Available records
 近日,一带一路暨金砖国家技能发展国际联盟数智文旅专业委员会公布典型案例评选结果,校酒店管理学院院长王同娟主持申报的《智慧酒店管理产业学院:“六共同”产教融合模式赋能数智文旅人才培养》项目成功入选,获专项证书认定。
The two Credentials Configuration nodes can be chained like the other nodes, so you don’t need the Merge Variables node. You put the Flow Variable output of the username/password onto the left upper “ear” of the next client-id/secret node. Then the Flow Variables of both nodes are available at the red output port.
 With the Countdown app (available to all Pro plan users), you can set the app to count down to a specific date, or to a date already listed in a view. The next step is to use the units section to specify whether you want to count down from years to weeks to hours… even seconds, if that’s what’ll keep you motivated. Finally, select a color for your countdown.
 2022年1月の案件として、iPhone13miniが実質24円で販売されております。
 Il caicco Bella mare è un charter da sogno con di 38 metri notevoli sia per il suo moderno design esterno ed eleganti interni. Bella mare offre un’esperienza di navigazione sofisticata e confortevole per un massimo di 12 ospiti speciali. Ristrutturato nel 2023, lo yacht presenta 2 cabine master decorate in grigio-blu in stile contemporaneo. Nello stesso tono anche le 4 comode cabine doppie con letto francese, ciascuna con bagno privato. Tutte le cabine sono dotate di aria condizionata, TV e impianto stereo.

* * *

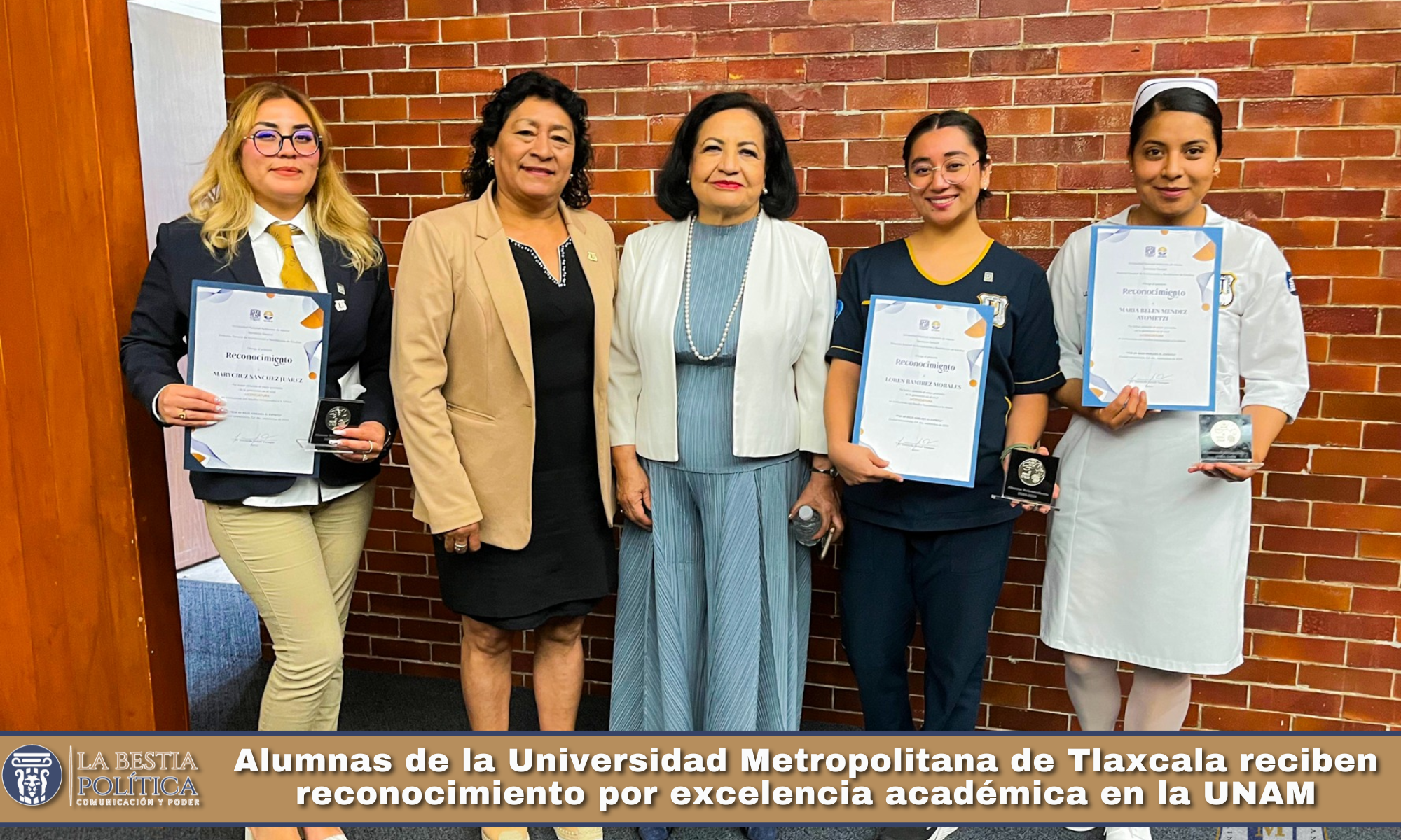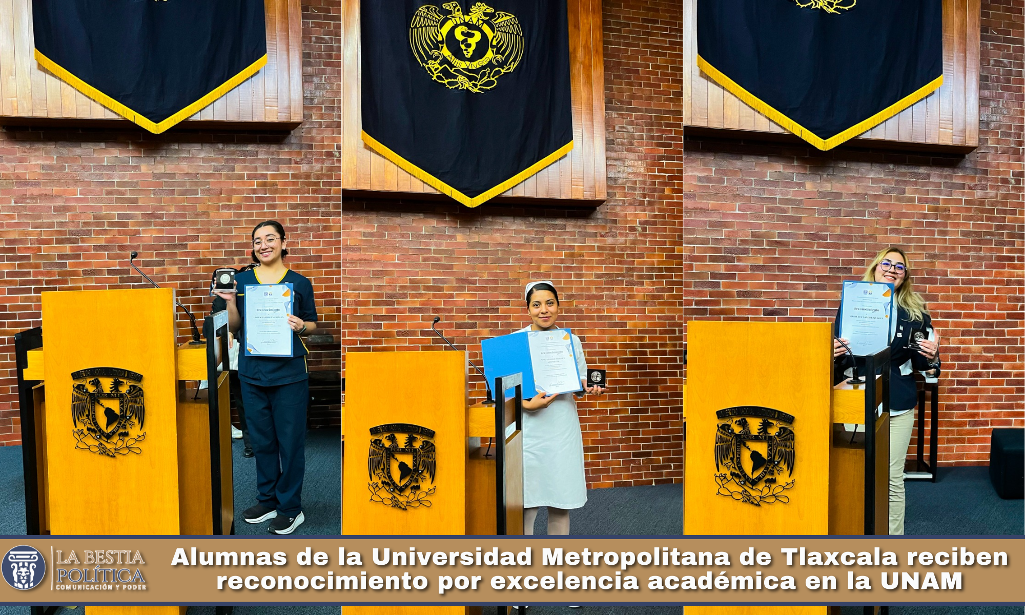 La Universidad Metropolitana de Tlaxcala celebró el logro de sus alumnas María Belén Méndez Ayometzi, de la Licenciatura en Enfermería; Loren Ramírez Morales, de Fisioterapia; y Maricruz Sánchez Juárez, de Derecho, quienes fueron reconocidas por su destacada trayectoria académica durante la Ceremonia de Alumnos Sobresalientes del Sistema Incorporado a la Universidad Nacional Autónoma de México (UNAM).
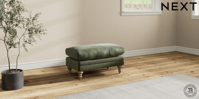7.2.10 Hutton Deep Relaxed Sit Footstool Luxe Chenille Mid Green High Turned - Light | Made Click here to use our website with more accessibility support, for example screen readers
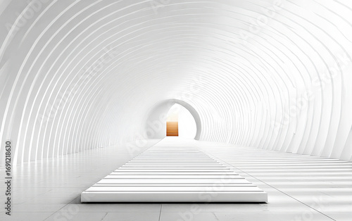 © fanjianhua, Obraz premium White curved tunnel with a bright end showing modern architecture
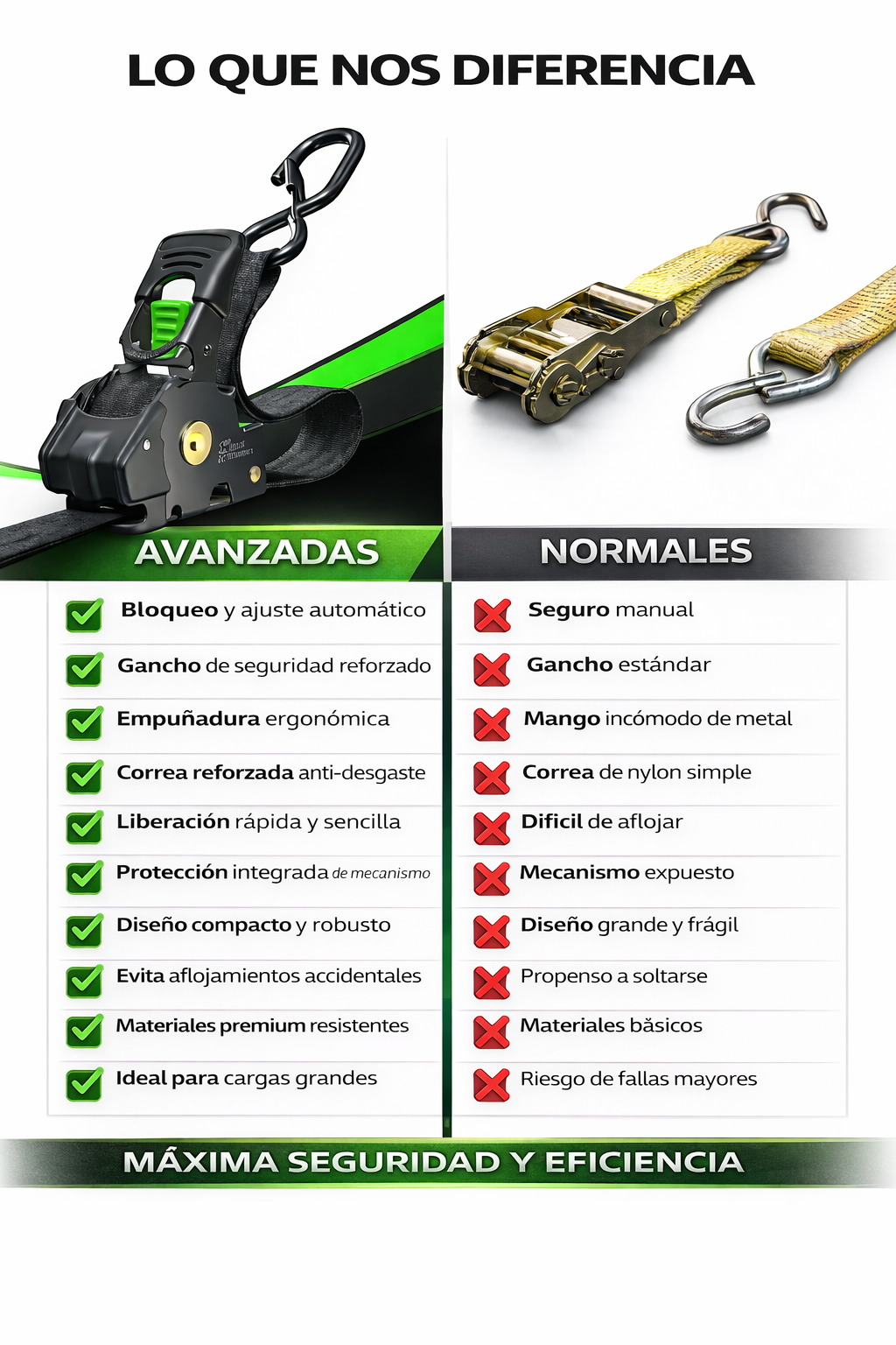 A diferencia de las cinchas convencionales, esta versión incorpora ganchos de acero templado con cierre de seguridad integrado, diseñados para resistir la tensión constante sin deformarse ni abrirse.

...

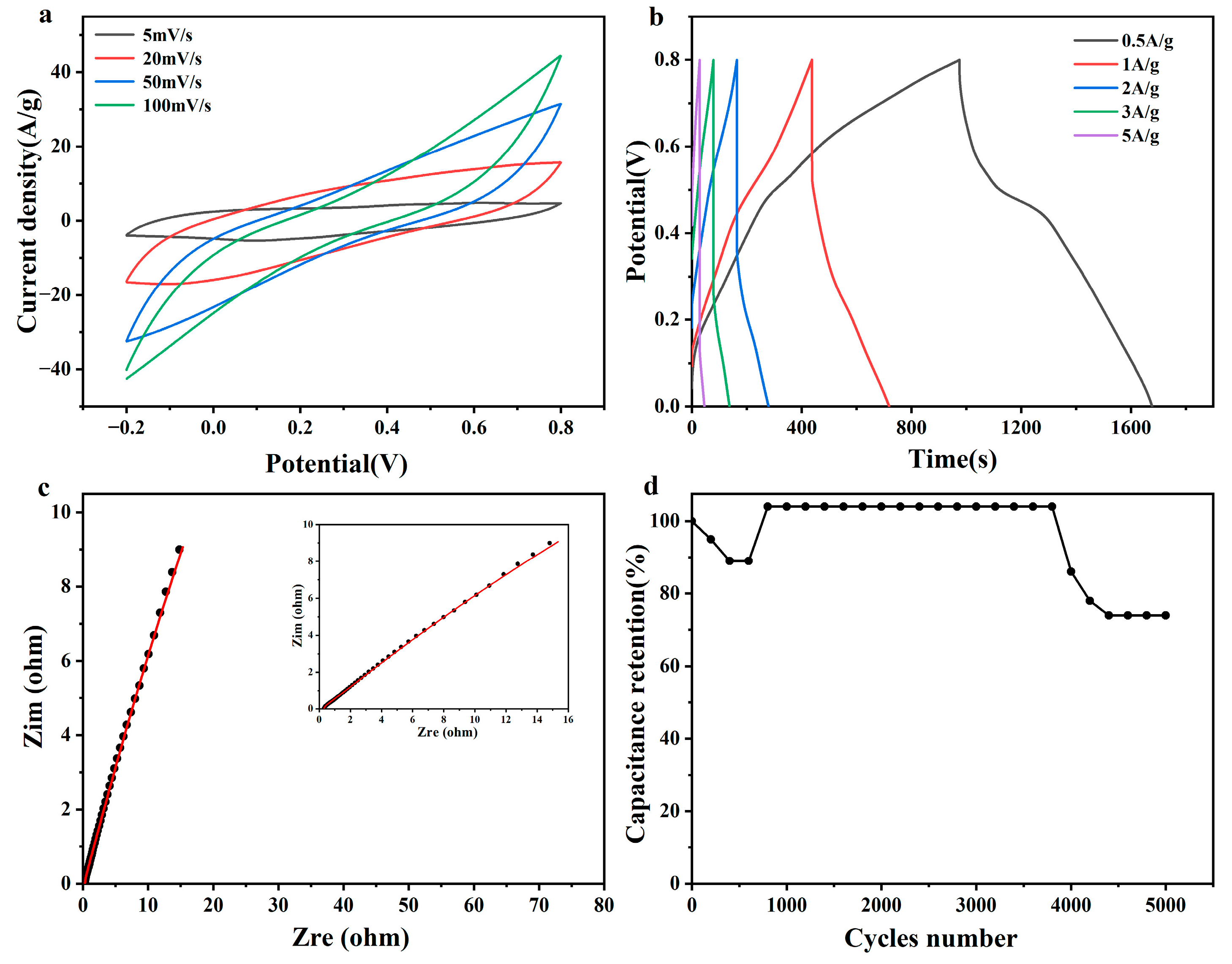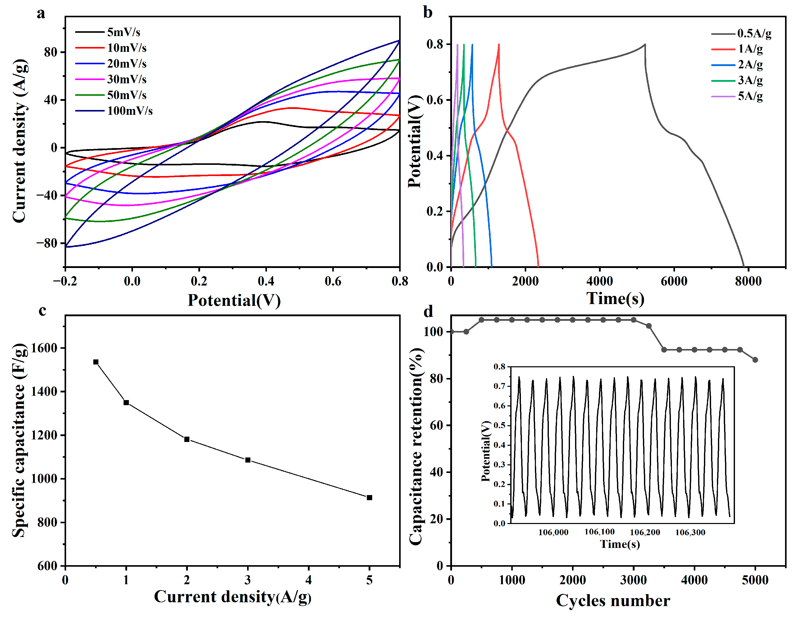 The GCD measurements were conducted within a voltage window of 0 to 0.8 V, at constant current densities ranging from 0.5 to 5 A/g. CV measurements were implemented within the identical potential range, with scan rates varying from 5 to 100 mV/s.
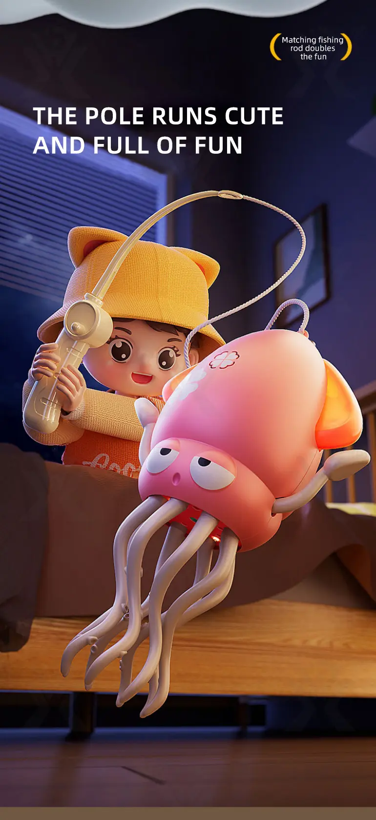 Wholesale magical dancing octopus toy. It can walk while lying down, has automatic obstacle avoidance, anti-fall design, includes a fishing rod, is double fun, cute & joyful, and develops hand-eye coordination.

Assignment
Within the listing above, write out the stretch from the line with "7.2.10 Hutton Deep" through the line with "showing modern architecture" exactly. Any pictures are to be left out.

Exercise response
7.2.10 Hutton Deep Relaxed Sit Footstool Luxe Chenille Mid Green High Turned - Light | Made Click here to use our website with more accessibility support, for example screen readers
 © fanjianhua, Obraz premium White curved tunnel with a bright end showing modern architecture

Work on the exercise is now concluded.